(The data)

:::

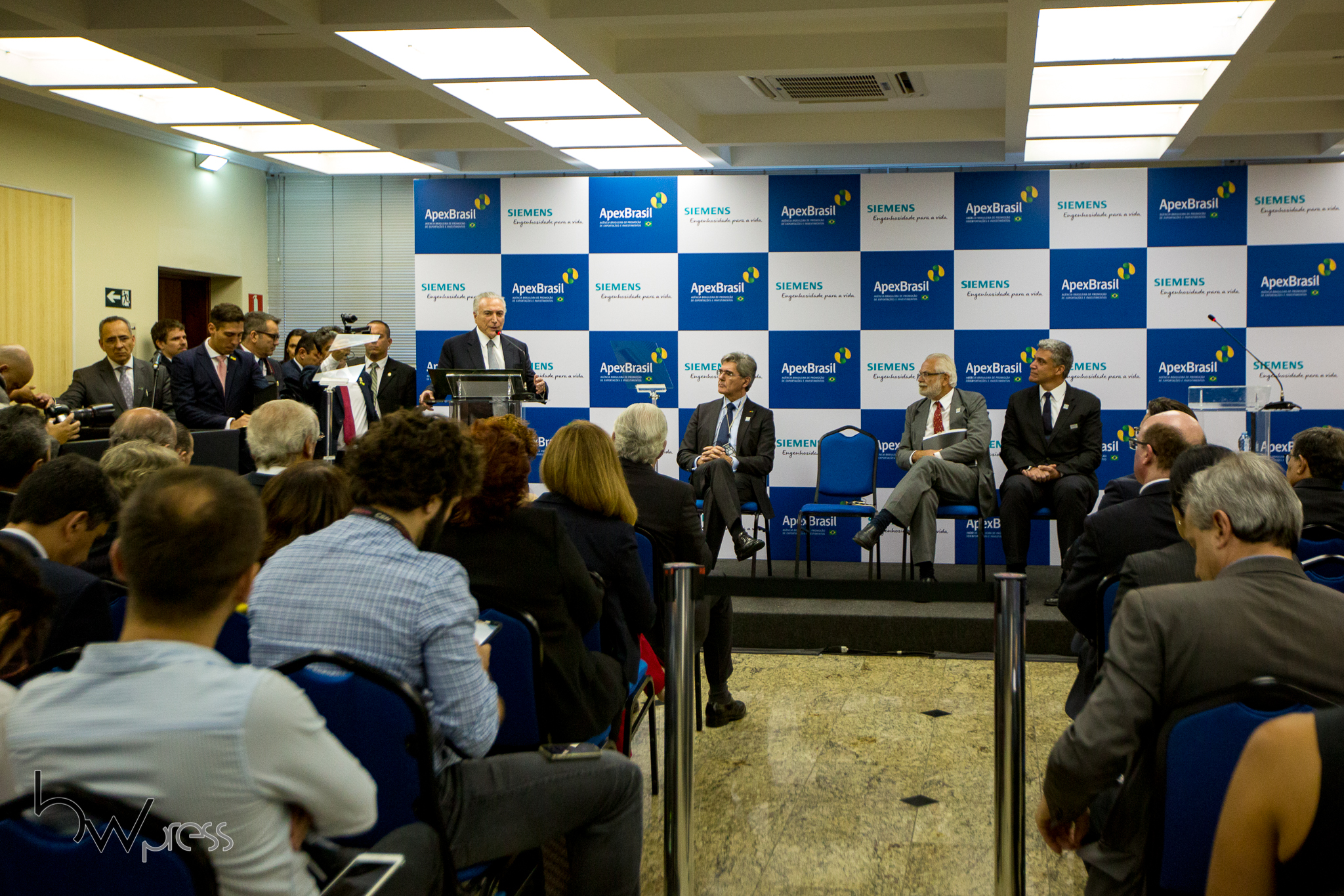 Michel Temer, Presidente do Brasil, participa da cerimônia de assinatura de acordo entre a Agência Brasileira de Promoção de Exportações e Investimentos – APEX e a Siemens, na sede da Associação Comercial de São Paulo (ACSP), nesta terça feira (13).
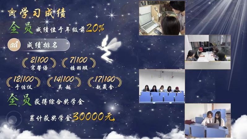 她们的学习成绩斐然,成绩均位于年级前20%。成员中,宋馨语排名第2,楼羽璇第7,于佳仪第12,吴越第14,赵晟含第17。凭借优异成绩,寝室累计获综合奖学金超30000元,彰显了寝室扎实的学业基础与卓越的学术追求,为各项竞赛荣誉奠定了坚实的知识储备。
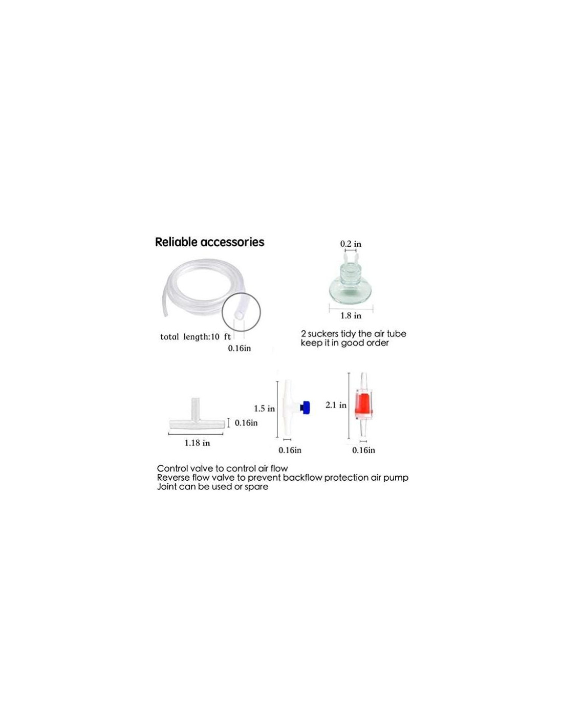 - El paquete incluye: 3 metros de tubo de aviación, 1 burbuja Groot, 2 ventosas, 1 válvula de retención, 1 conector en T y 1 válvula de control de aire. Todo el conjunto de accesorios es suficiente para conectarse a la bomba de aire.

:::

Give back every line of the material exactly as written, but not the pictures.

(Exercise response)
 Michel Temer, Presidente do Brasil, participa da cerimônia de assinatura de acordo entre a Agência Brasileira de Promoção de Exportações e Investimentos – APEX e a Siemens, na sede da Associação Comercial de São Paulo (ACSP), nesta terça feira (13).
 她们的学习成绩斐然,成绩均位于年级前20%。成员中,宋馨语排名第2,楼羽璇第7,于佳仪第12,吴越第14,赵晟含第17。凭借优异成绩,寝室累计获综合奖学金超30000元,彰显了寝室扎实的学业基础与卓越的学术追求,为各项竞赛荣誉奠定了坚实的知识储备。
 - El paquete incluye: 3 metros de tubo de aviación, 1 burbuja Groot, 2 ventosas, 1 válvula de retención, 1 conector en T y 1 válvula de control de aire. Todo el conjunto de accesorios es suficiente para conectarse a la bomba de aire.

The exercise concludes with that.